Les policiers ont récupéré les pièces d'identité et les portables, avant de les fouiller et de les faire monter dans des fourgons. 

Des témoins ont fait état d'interpellations dans les rues adjacentes dès 6h du matin. Deux fourgons pleins ont déjà quitté les lieux en début de matinée en direction de postes de police et d'autres véhicules les ont remplacés.

Durant plusieurs vendredi, la police a procédé à des arrestations matinales puis relâchait les manifestations en fin de journée à plusieurs kilomètres du centre de la capitale.

Depuis le 22 février, les Algériens sortent chaque vendredi massivement dans les rues, notamment à Alger, pour réclamer un changement du "système" politique en Algérie.

Les manifestations, pourtant strictement et totalement interdites dans la capitale depuis 2001, ont été jusqu'ici largement tolérées par la police, débordée par le nombre et qui se contente habituellement de contenir le défilé dans un périmètre défini.

Les forces de l'ordre ont reçu des consignes afin de s'assurer qu'aucun autre drapeau que "l'emblème national" ne sera brandi dans les manifestations, avait annoncé mercredi le chef d'état-major de l'armée Ahmed Gaïd Salah, véritable homme fort du pays, en allusion au drapeau berbère très présent dans les défilés.

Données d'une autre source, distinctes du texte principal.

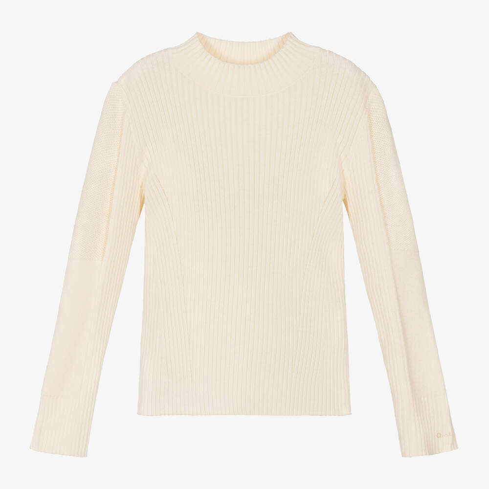 Ivory Mini-me sweater for girls by luxury label, Chloé. This simple, turtleneck top has contrasting knitted panels and a slim fit. Made in a beautifully soft organic cotton and wool blend for warmth and comfort, it has the designer's signature logo delicately embroidered on one of the cuffs, signing off the look with a subtle branded touch.
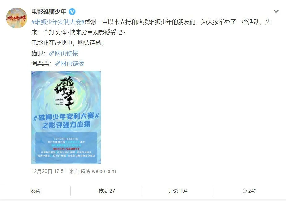 《雄獅少年》未必能成為“年度黑馬”,但是它在題材、製作、故事方面的探索,是中國動畫電影市場難得的創新。而它在宣發中遇到的種種問題,也給以後國產動畫電影項目敲了警鐘。電影微博直到12月20號才匆匆開啓#雄獅少年安利大賽#,試圖通過影迷的二創讓電影觸及更多的年輕觀眾,同日也邀請明星@吳京微博為電影宣傳,這些宣傳到底是為時已晚,又或能讓票房呈現出細水長流之勢,一切都只能交給時間了。
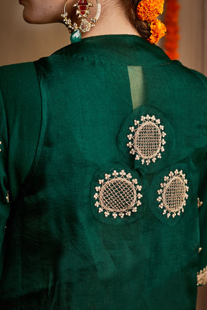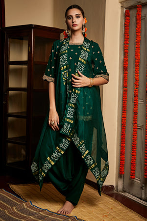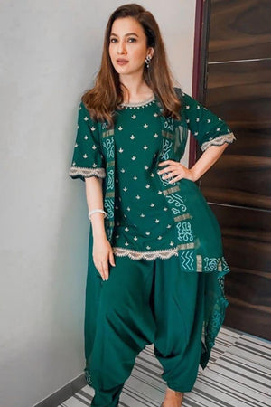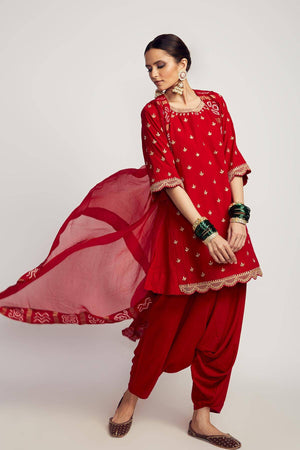 It is a three-piece set that includes short kurta, harroms, and Gharchola cape. It is lightweight and very easy to carry.
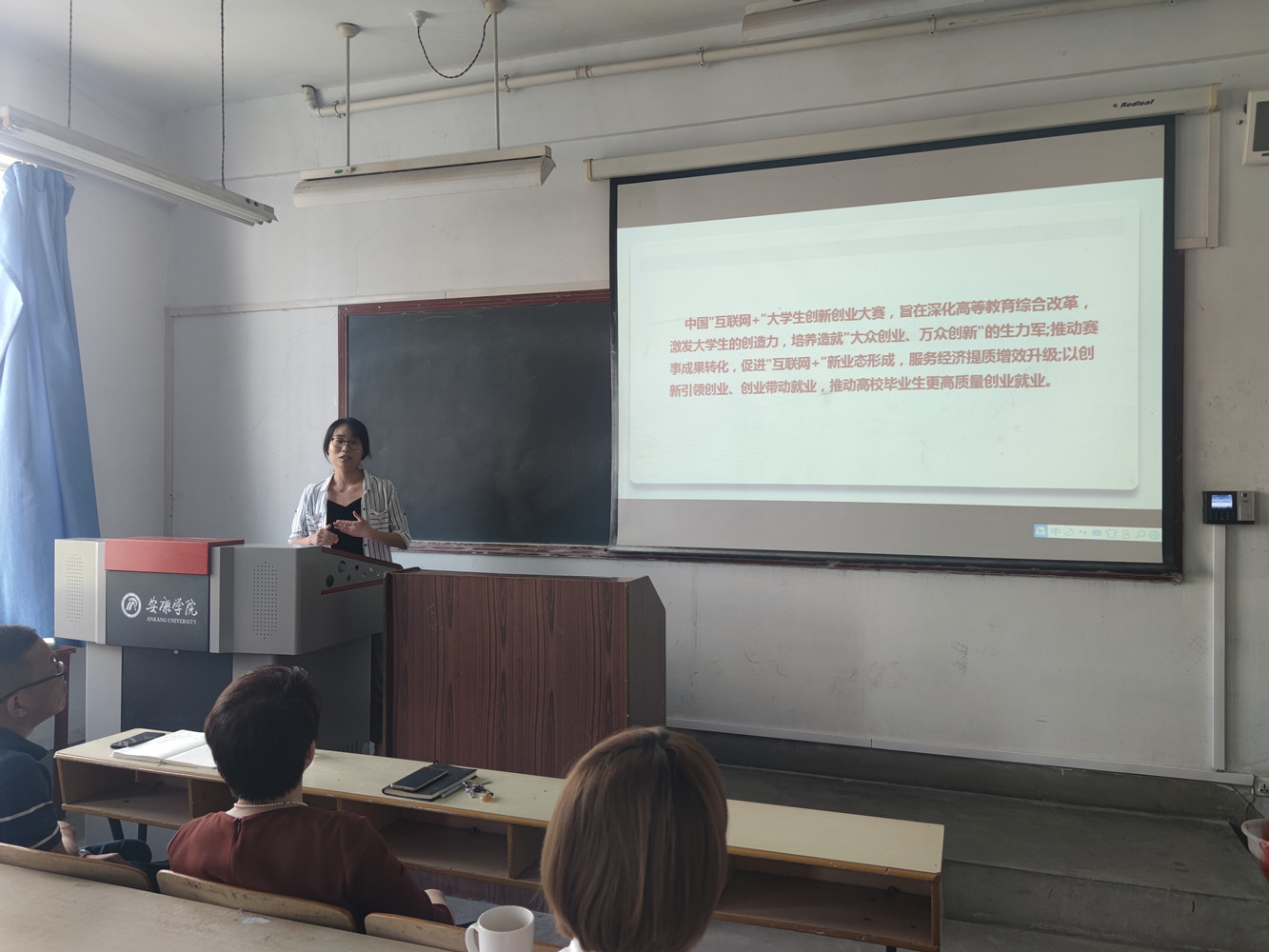 接着,上一届“互联网+”省级银奖团队指导老师张芯、孟现星分别从赛制设置、赛道分类、选题技巧、比赛技巧等方面,详细的介绍了作为指导老师参加“互联网+”的参赛经验,毫无保留地把去年获奖经验、参赛感悟和心得体会分享给全体教师。

Said Bentahar, 65 ans, a indiqué à l'AFP qu'il sortira "pour la première fois avec un drapeau berbère qui fait partie de l'identité algérienne" en plus de son drapeau algérien.

Fethi, la cinquantaine, chauffeur de taxi, estime que "cette histoire de drapeau c'est pour diviser le peuple. Personnellement je vais sortir avec seulement le drapeau algérien". 

A coté de lui, Karim juge qu'il "faut être unis pour avoir la démocratie. Le reste sera facile après dans un Etat de droit".

En ce début de matinée, seule le drapeau national est accroché aux  balcons du centre de la capitale.